– Я видел, ты становишься большой. – Она подумала, что он скажет что-то еще, но пока он решил этим ограничиться.
– Папа, я не понимаю, о чем ты? – спросила она тихим дрожащим голосом.
– Если ты соврешь мне, я изобью тебя до полусмерти, Бевви, – предупредил он, и она с ужасом осознала, что смотрит он не на нее, а на репродукцию издательства «Карриер-энд-Айвс», которая висела на стене над диваном. Мысленно она вновь отвлеклась, на этот раз перенеслась в прошлое. Ей четыре года, она сидит в ванне с синей пластмассовой лодкой и фигурным мылом – моряком Папаем; ее отец, такой большой и так горячо любимый, опустился на колени рядом с ванной, в серых хлопчатобумажных штанах и полосатой футболке, в одной руке у него мочалка, в другой – стакан с апельсиновой газировкой. Он мылит ей спину и говорит: «Дай мне взглянуть на твои ушки, Бевви; твоя мамуля хочет ими поужинать». И она слышит, как маленькая Бевви смеется, глядя снизу вверх на его доброе лицо, которое, как ей представляется, останется таким навсегда.
– Я… я не буду лгать, папочка. Что случилось? – Он расплылся у нее перед глазами, потому что потекли слезы.

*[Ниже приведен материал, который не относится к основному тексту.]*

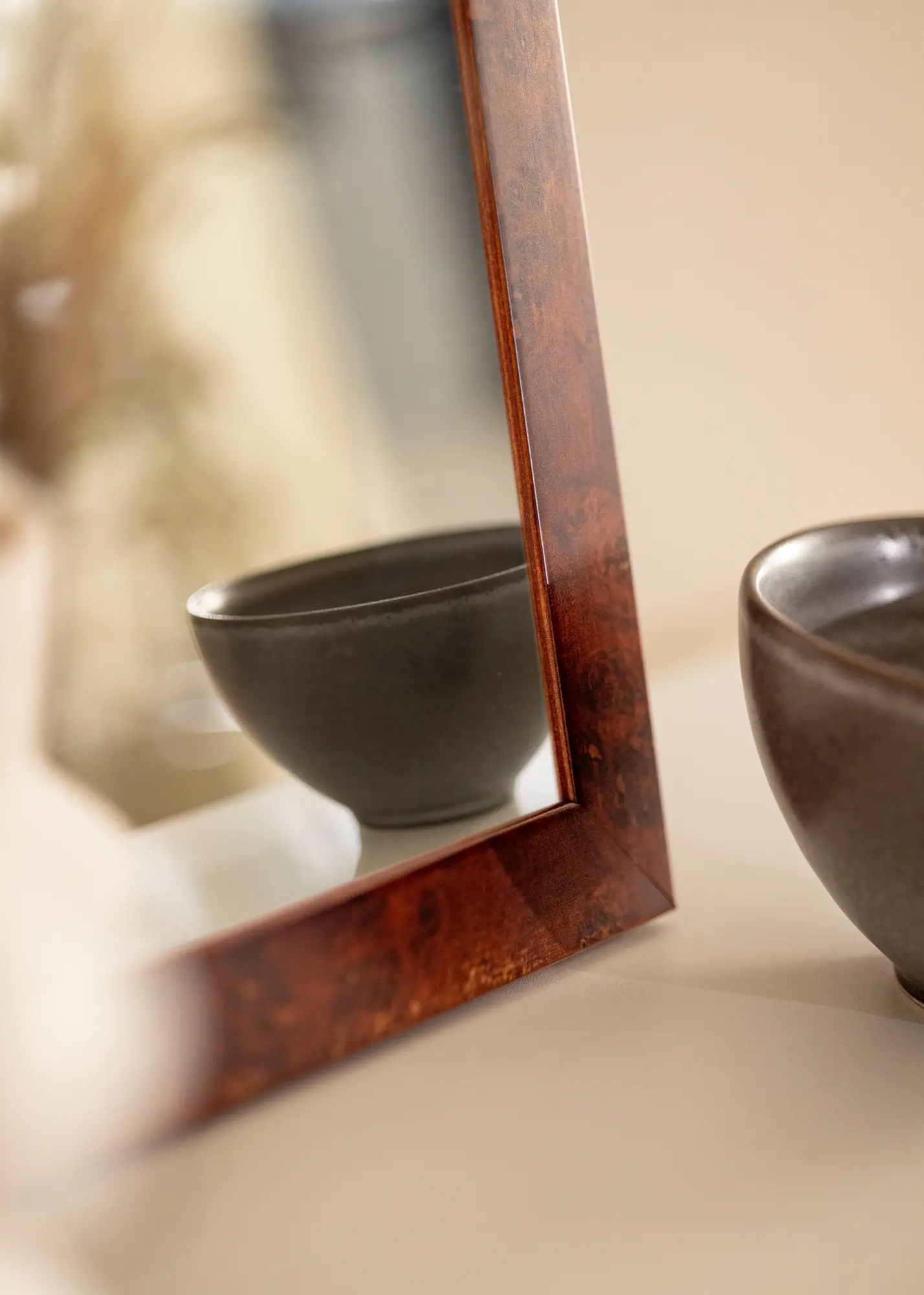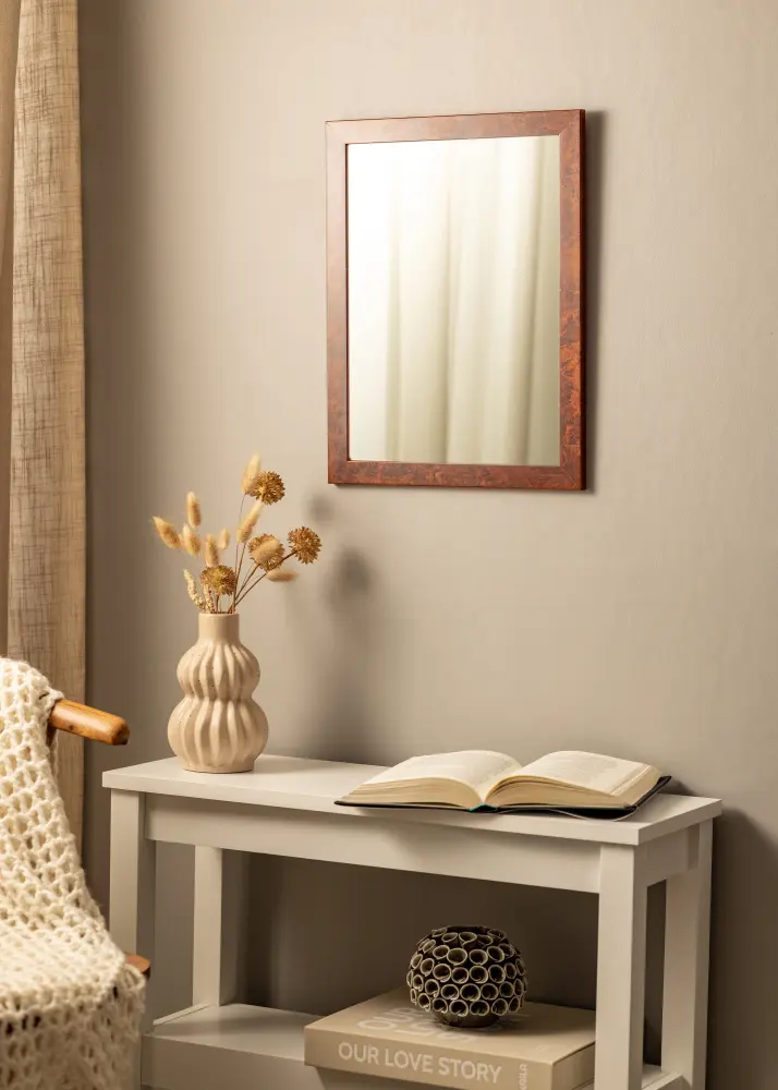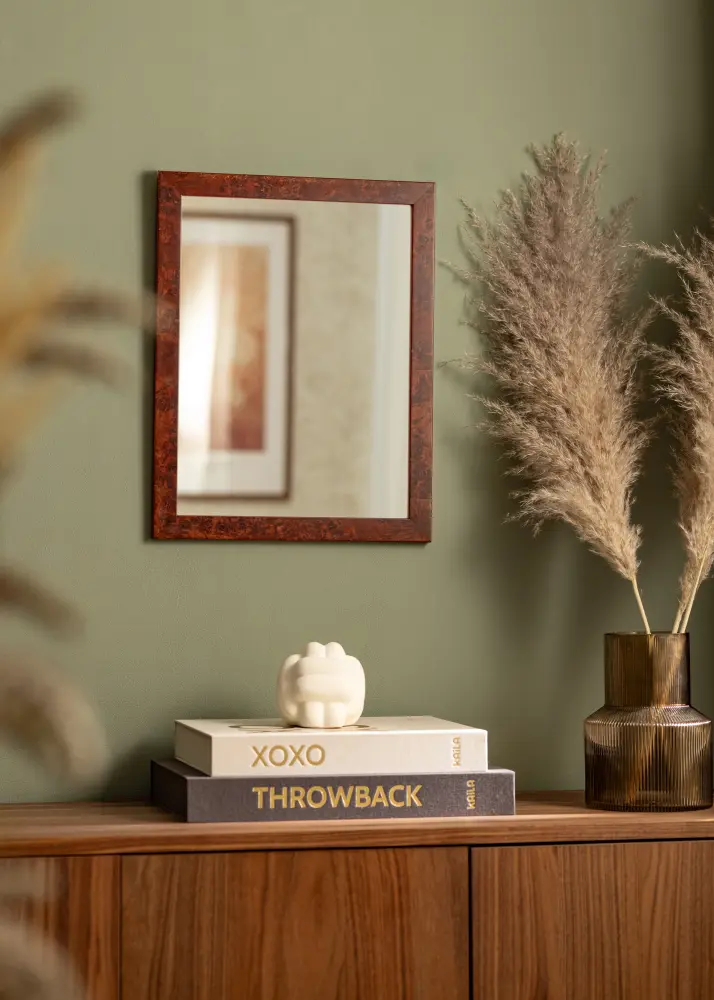 Elegant träram i en mörkbrun färg som passar bra när du söker en spegel i klassisk stil.

– Ты была в Пустоши с мальчишками?
Ее сердце бухнуло, взгляд вновь упал на заляпанные грязью ботинки. Это черная, прилипчивая грязь. Если ступить в нее слишком глубоко, она сдернет с тебя кроссовку или туфлю… и оба, Ричи и Билл, не сомневались, что чуть дальше начинается трясина, которая может засосать человека целиком.
– Я иногда играю там с…
Шмяк! Ладонь, жесткая от мозолей, вновь опустилась. Беверли вскрикнула от боли, испуганная. Выражение его лица пугало ее. Он не смотрел на нее, и это тоже пугало. Что-то с ним было не так. Что-то изменилось к худшему… А если он собирался ее убить? А если он…
(перестань Беверли он твой ОТЕЦ а ОТЦЫ не убивают ДОЧЕРЕЙ)
потерял над собой контроль? А если?..
– Что ты позволяла им с собой делать?
– Делать? Что?.. – Она понятия не имела, о чем он.
– Снимай штаны.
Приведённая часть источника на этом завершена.